** Opening Data under study block **
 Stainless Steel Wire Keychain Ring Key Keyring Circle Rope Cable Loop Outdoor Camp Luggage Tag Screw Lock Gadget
** Closing Data under study block **
** Opening Data under study block **
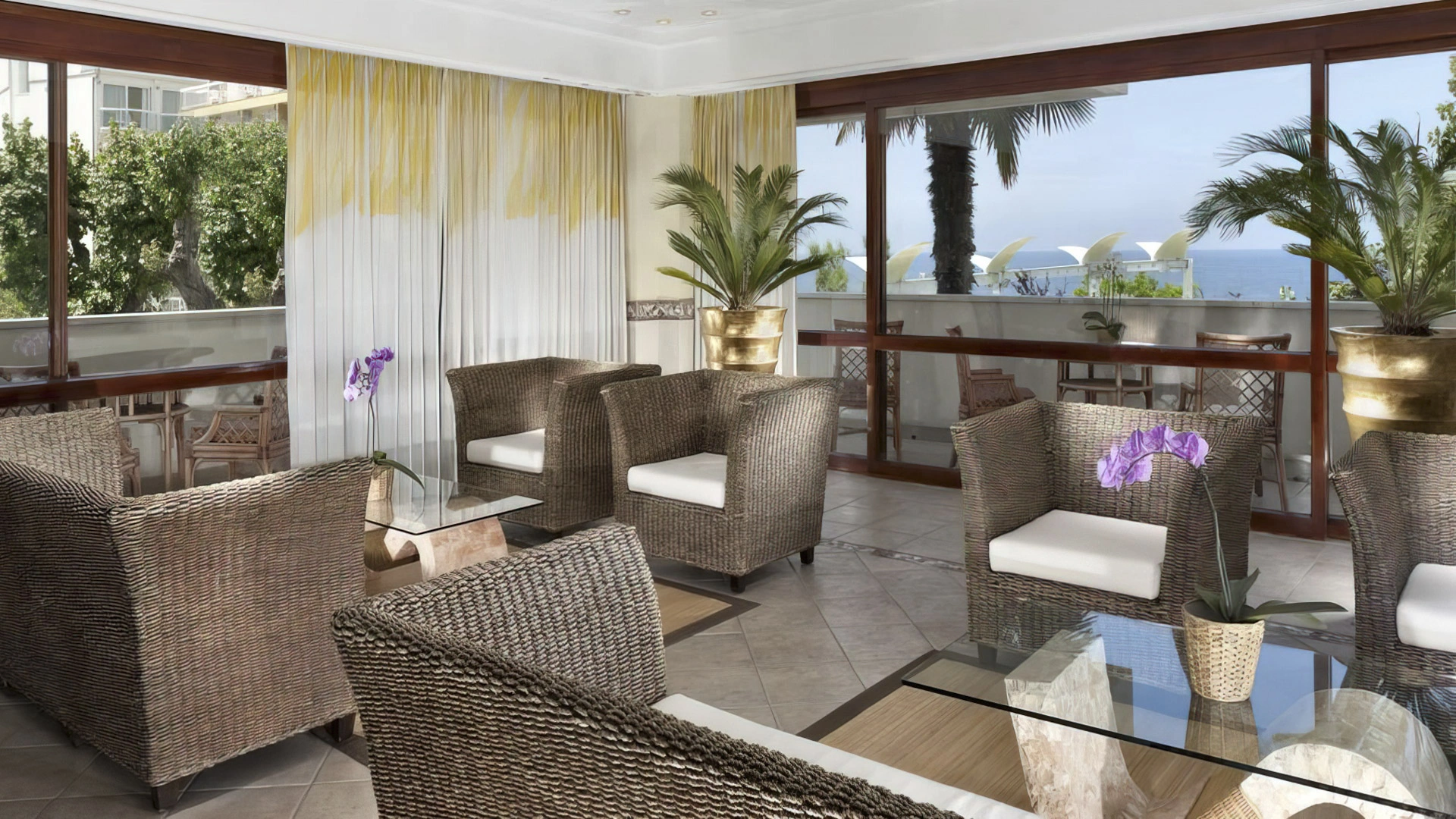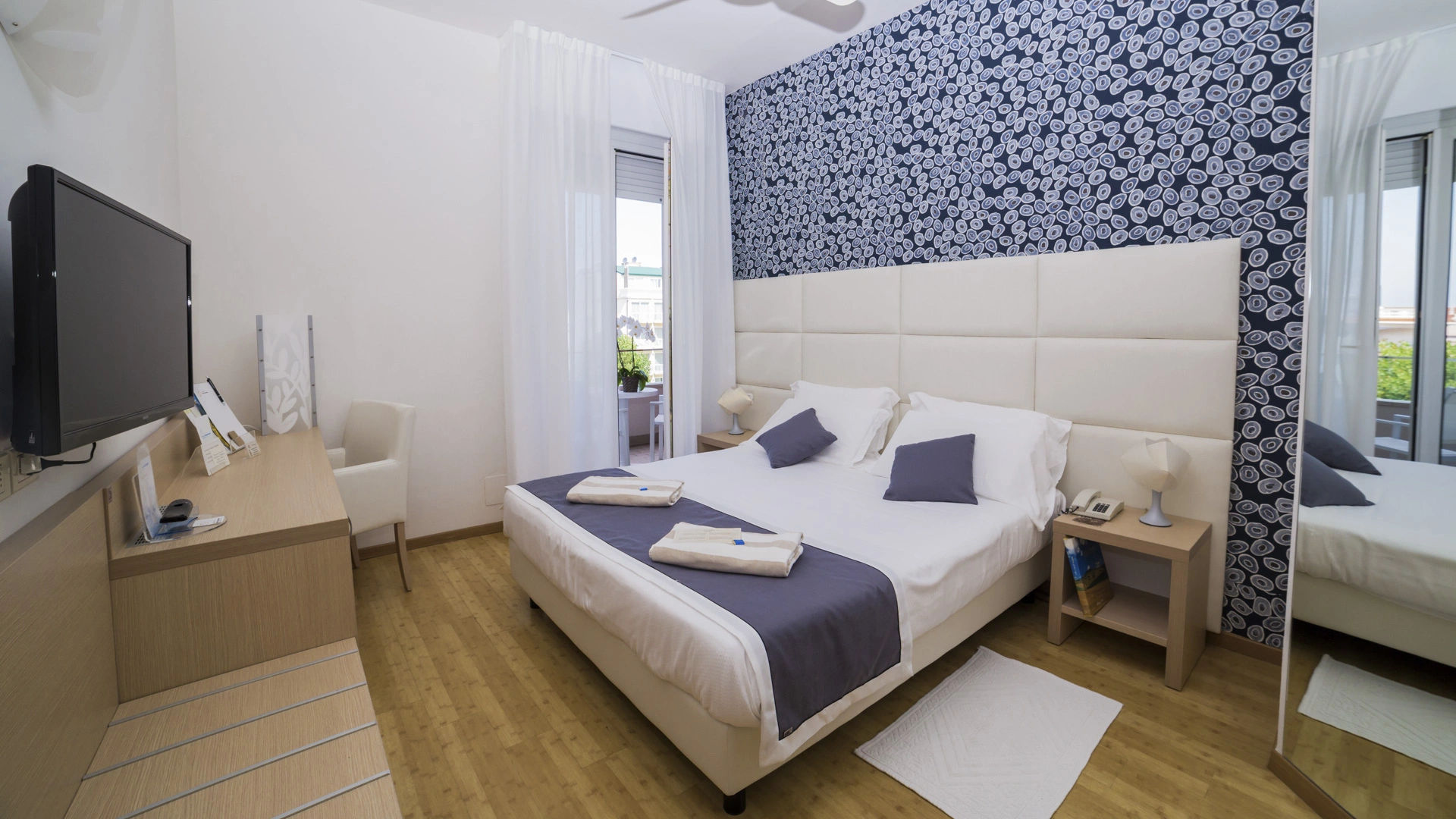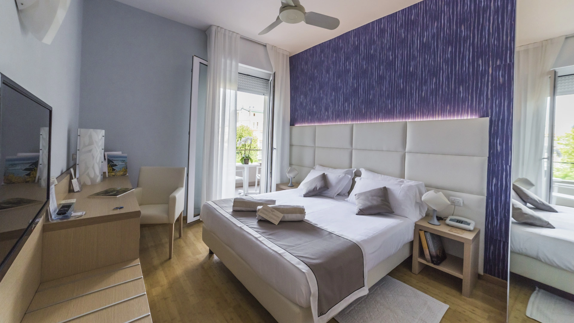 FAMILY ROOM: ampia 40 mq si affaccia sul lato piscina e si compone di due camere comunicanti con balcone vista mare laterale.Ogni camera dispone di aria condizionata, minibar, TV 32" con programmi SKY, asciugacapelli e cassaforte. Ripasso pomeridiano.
** Closing Data under study block **
** Opening Data under study block **
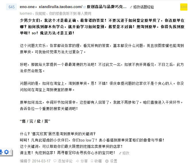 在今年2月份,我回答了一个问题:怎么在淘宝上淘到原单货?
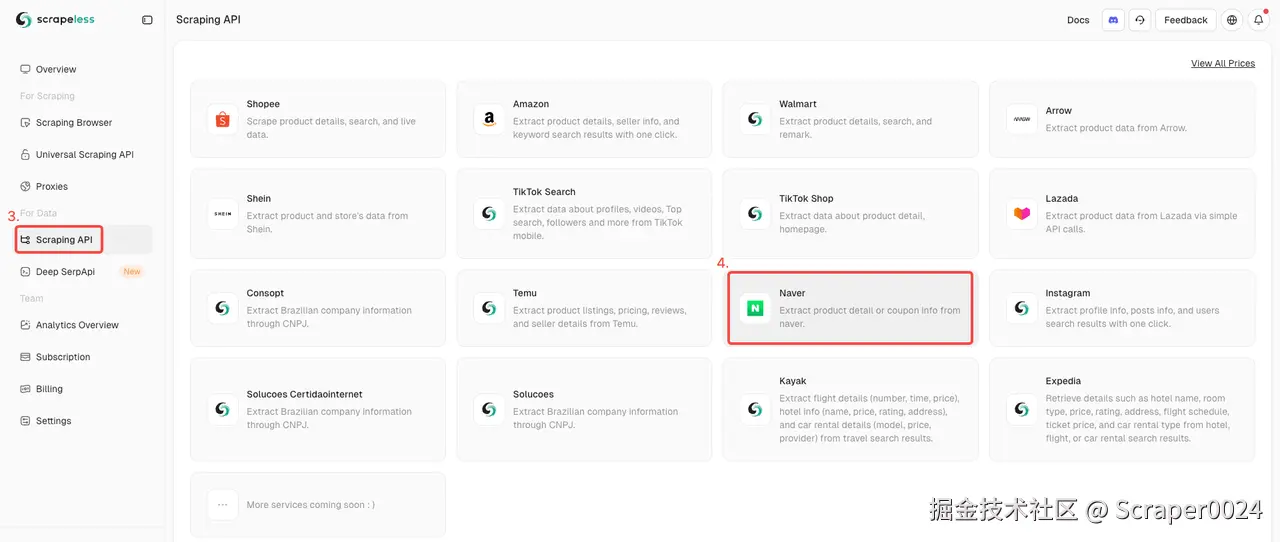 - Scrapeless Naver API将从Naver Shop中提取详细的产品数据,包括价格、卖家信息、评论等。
** Closing Data under study block **
_Task prompt:_ Copy exactly the lines of the entries above from the one containing "在今年2月份,我回答了一个问题:怎么在淘宝上淘到原单货?" through the one containing "- Scrapeless Naver". Both end lines count; pictures do not.

_Written response:_
 在今年2月份,我回答了一个问题:怎么在淘宝上淘到原单货?
 - Scrapeless Naver API将从Naver Shop中提取详细的产品数据,包括价格、卖家信息、评论等。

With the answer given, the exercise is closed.